Corteva Agriscience declined on falling sentiment and an uneven regional outlook. Management signalled that 2025 would mark a transition year, with growth moderating after a strong first half. The company guided to slower second-half momentum despite expectations for full-year improvement compared with 2024.
From a relative point of view, our underweight in Apple counted against us following better-than-expected uptake of the iPhone 17. We increased our position.
Another underweight position that counted against us was in Tesla. While the auto business is struggling, the end of electric vehicle tax credits pulled forward orders to Q3. We expect them to drop in Q4. Admittedly there are longer-term initiatives such as robotaxis and the Optimus robot (to help humans) that warrant having a small position.
Bloom Energy, the fuel-to-electricity converter, delivered another record quarter with 20% revenue growth and margin expansion to 26.7%. Meanwhile, management unveiled plans to double manufacturing capacity to 2GW by the end of 2026. Towards the end of July, it was announced Bloom is to provide power to Oracle Cloud Infrastructure data centres in the US.
Memory chip business Western Digital benefited from the data-storage cycle turning decisively upwards. Revenue of $2.6bn was up 30% year-over-year and gross margins expanded to 41%, buoyed by strong demand from AI-servers. The sustained pick-up in orders allowed the company to increase prices on all of its hard disk drives.
Comfort Systems, which supplies high-skilled labour for building systems, delivered another record quarter, with revenue up 20% and earnings per share (EPS) surging 75%. The acquisition of Right Way Plumbing and double-digit service growth supported diversification.
Seagate, a competitor to Western Digital, delivered fantastic revenue growth over the quarter, reflecting strong leverage from AI-driven data centre demand. Management cited capacity being “largely spoken for” through to mid-2026, signalling tight supply and pricing power.
Pharmaceutical AbbVie delivered another strong quarter, extending its remarkable recovery post-Humira patent expiry. Q2 results exceeded expectations with $15.4bn in revenue driven by exceptional growth from arthritis drugs Skyrizi and Rinvoq which are now set to exceed $25bn in combined 2025 sales.
We took profits in a range of names relating to AI, including Nvidia. We redeployed capital into higher-quality names such as home care provider Cardinal Health and bank JP Morgan Chase.
Sector-wise we are most overweight capital goods, semiconductors and financial services, with underweights in tech hardware (mainly Apple) and software, which we see as structurally challenged in the world of AI.

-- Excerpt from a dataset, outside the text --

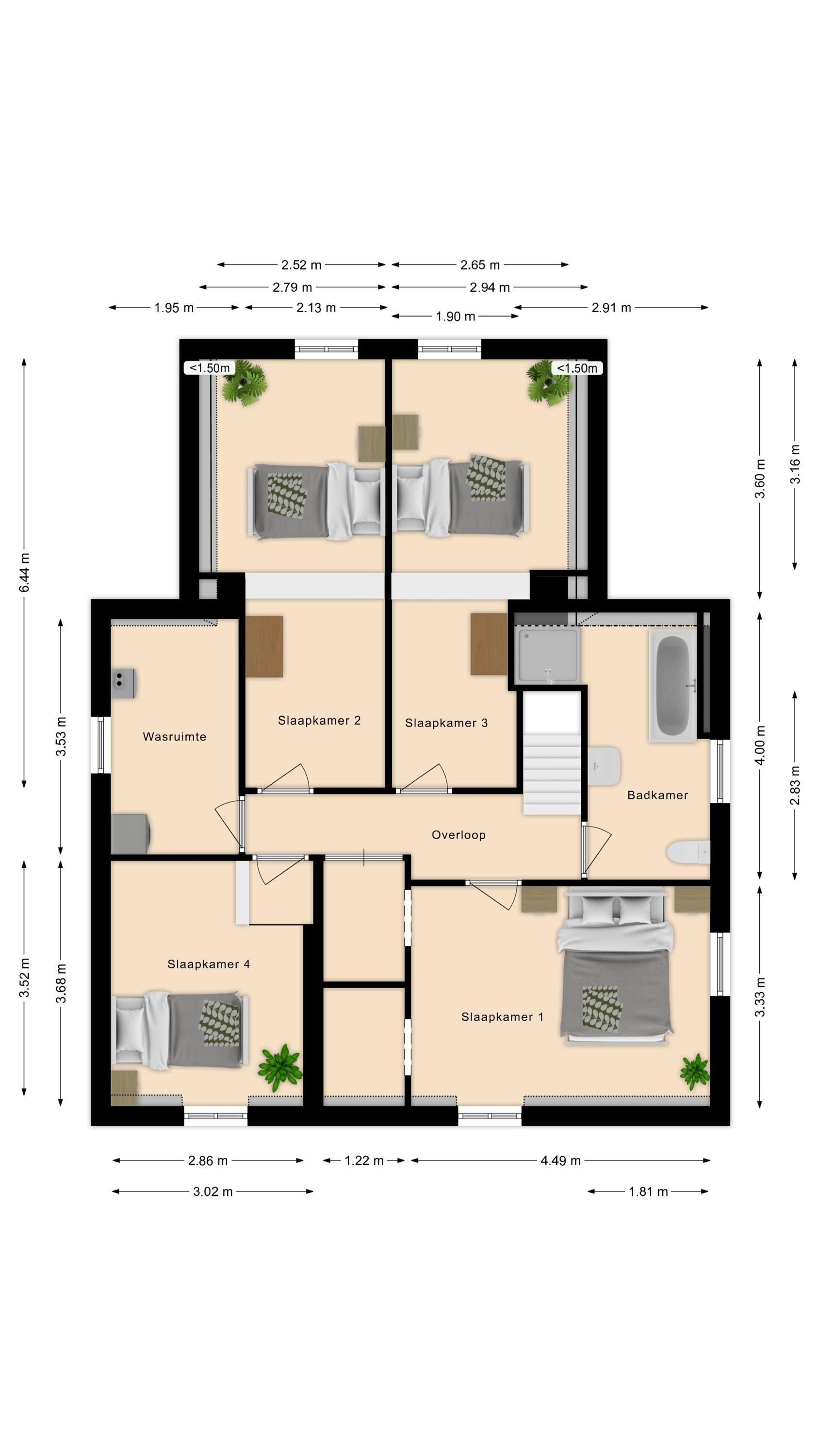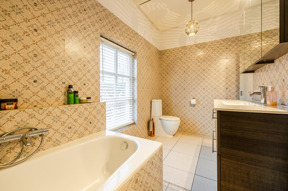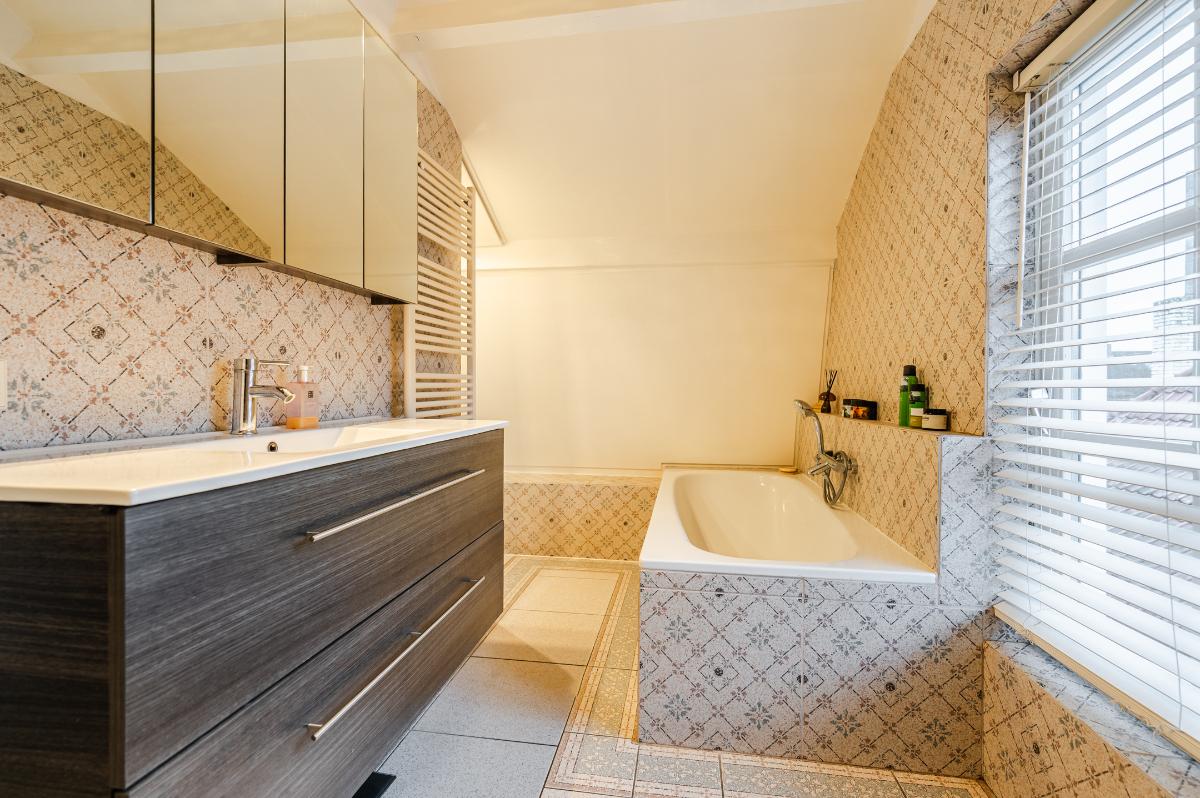 1e verdieping: Via de opkamer kom je op de overloop. Hieraan bevinden zich 4 grote slaapkamers, een praktische waskamer en de badkamer. De behaaglijke badkamer is warm ingericht met een ligbad, inloopdouche, een badmeubel met wastafel en een 2e toilet. De slaapkamers zijn voorzien van airconditioning.

As we enter the last quarter, there are tailwinds to US equities that lead us to be constructive on the outlook. The consumer remains healthy, Donald Trump’s One Big Beautiful Bill Act should begin to have an impact and a more supportive monetary environment should help sectors that have struggled under higher rates (such as mid and small caps). There is also continued momentum in spending around AI with very little sign of let-up. We remain vigilant against overexuberance in the market and are moving capital towards those areas where we see the most attractive risk/reward trade-off. This discipline should stand us in good stead as we close out the year.
Benchmark: S&P 500 NTR (Standard); the benchmark is a point of reference against which the performance of the fund may be measured. Management of the fund is not restricted by this benchmark. The deviation from the benchmark may be significant and the portfolio of the fund may at times bear little or no resemblance to its benchmark.